# Temporary support for replacement of basement beam



## redline (Mar 5, 2006)

Mikedks said:


> First question is this, what is the safest way to temporarily support the joists when I remove the column and beam?, small hydraulic jacks w/4x4 supports?, not sure which way to go, mainly which is the safest.
> 
> Thanks in advance.


What is above this beam? Any heavy items? Any load bearing walls?
How thick is the basement floor?
How thick are the floor joists? What is the center to center distance on the floor joists?


----------



## AtlanticWBConst. (May 12, 2006)

I would suggest that you use 6x6 posts for temp support.

Good Cinder block sealant: Try Drylock, get it in a 5 gallon container and save yourself some money.


----------



## Mikedks (Sep 13, 2006)

Floor joists are 2x8's, 16 on center.
No heavy loads above, two bedrooms, only one is occupied.
According to structural engineer, we have a truss roof and all
walls on first floor are essentially partitions, so no load bearing walls
above. The basement is actually a slab, about 40yrs old, in near perfect condition. We unfortunately do not know the thickness of the slab.


----------



## fhivinylwindows (Jun 11, 2006)

I use to replace sills that had ant damage. We would use 4x6 or 6x6 and use timber screws to attach them to the joist. Once these are in place we would have another set on the floor and then use the adjustable lally columns to raise the joist enough.
1. By screwing the beam to your joist you will reduce the columns slipping.

2. By placing beams on the floor you will spread the load on the concrete. I have never cracked a floor yet.

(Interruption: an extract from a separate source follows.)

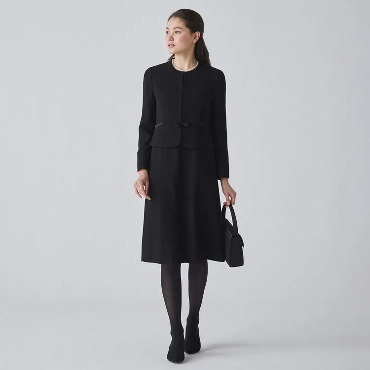 洗練された漆黒の深さや、体型変化に対応できる機能性、自宅で洗えるイージーケアなど、急な場面でも頼れる1着です。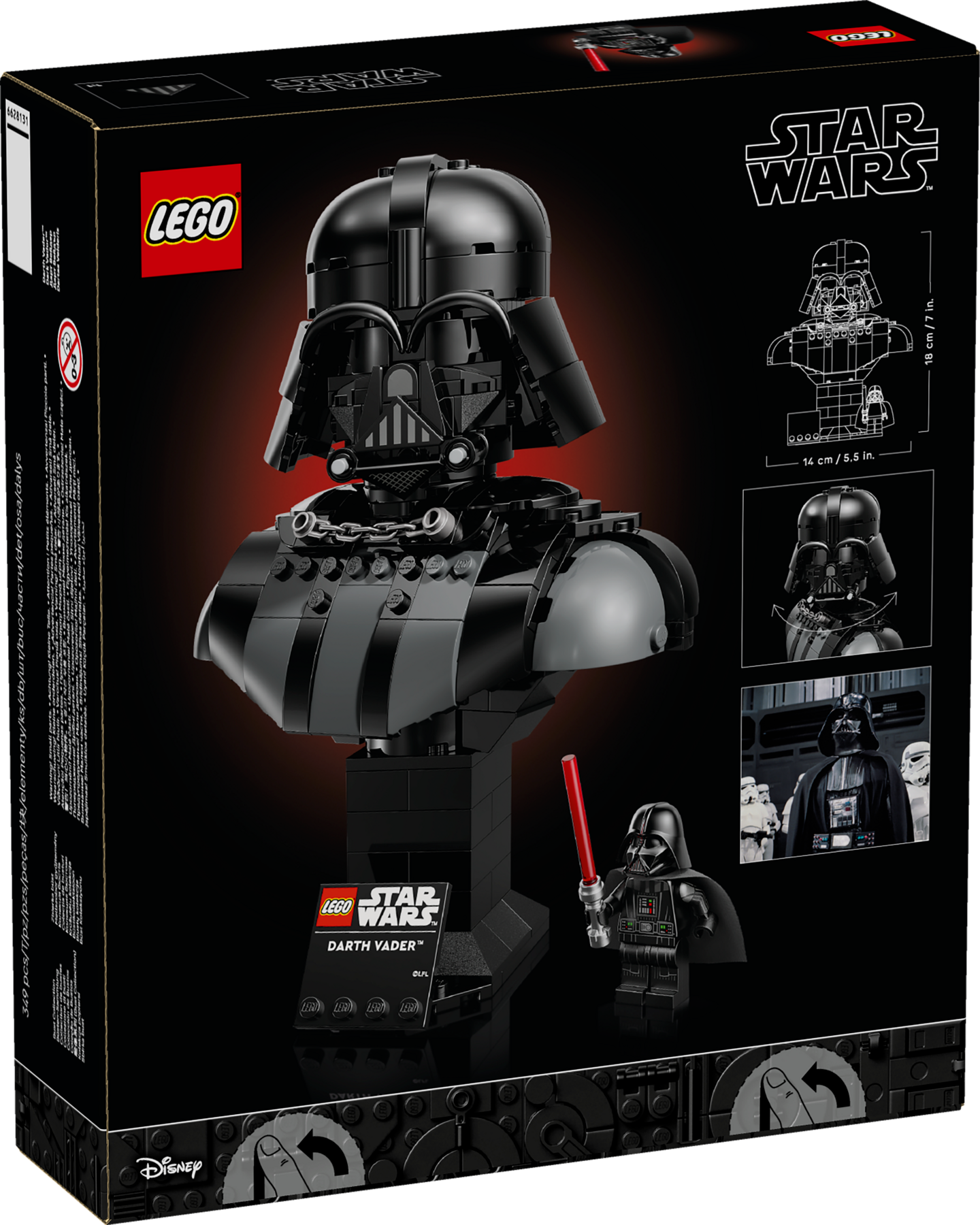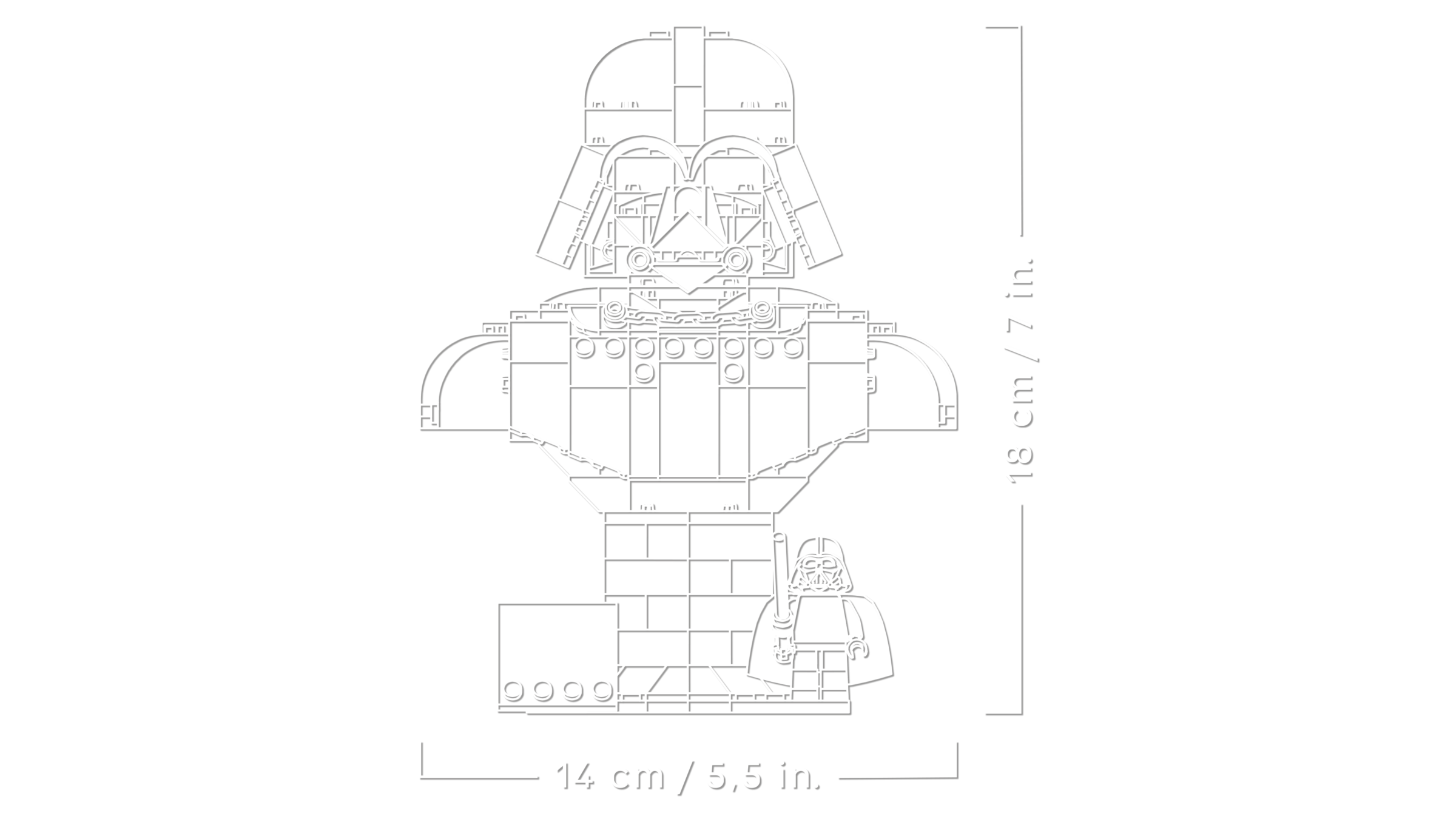 ABMESSUNGEN: Die Darth Vader Büste aus LEGO® Steinen ist 18 cm hoch, 14 cm breit und 9 cm tief. Das 349-teilige Set ist eine coole Star Wars™ Zimmerdeko

3. The adjustable columns are around $20 each at HD


I use to use UGL for basement paint, make sure you ventilate the area, it will make you sick and very dizzy.


----------



## Mikedks (Sep 13, 2006)

Ok, so I should probably be using 6x6's, but how many supports would I need for a 15 foot beam?. I was thinking four seperate supports, 2 on each side.


----------



## Mikedks (Sep 13, 2006)

check out the photo's of the basement. 

This is the 6 foot center section with cut-out for old ductwork, Nice!


----------



## AtlanticWBConst. (May 12, 2006)

OMG!!!

Did termites do that?


----------



## Mikedks (Sep 13, 2006)

HVAC morons!, you should have seen the stuff the inspector missed on this house!. Gonna fix that one this weekend.


----------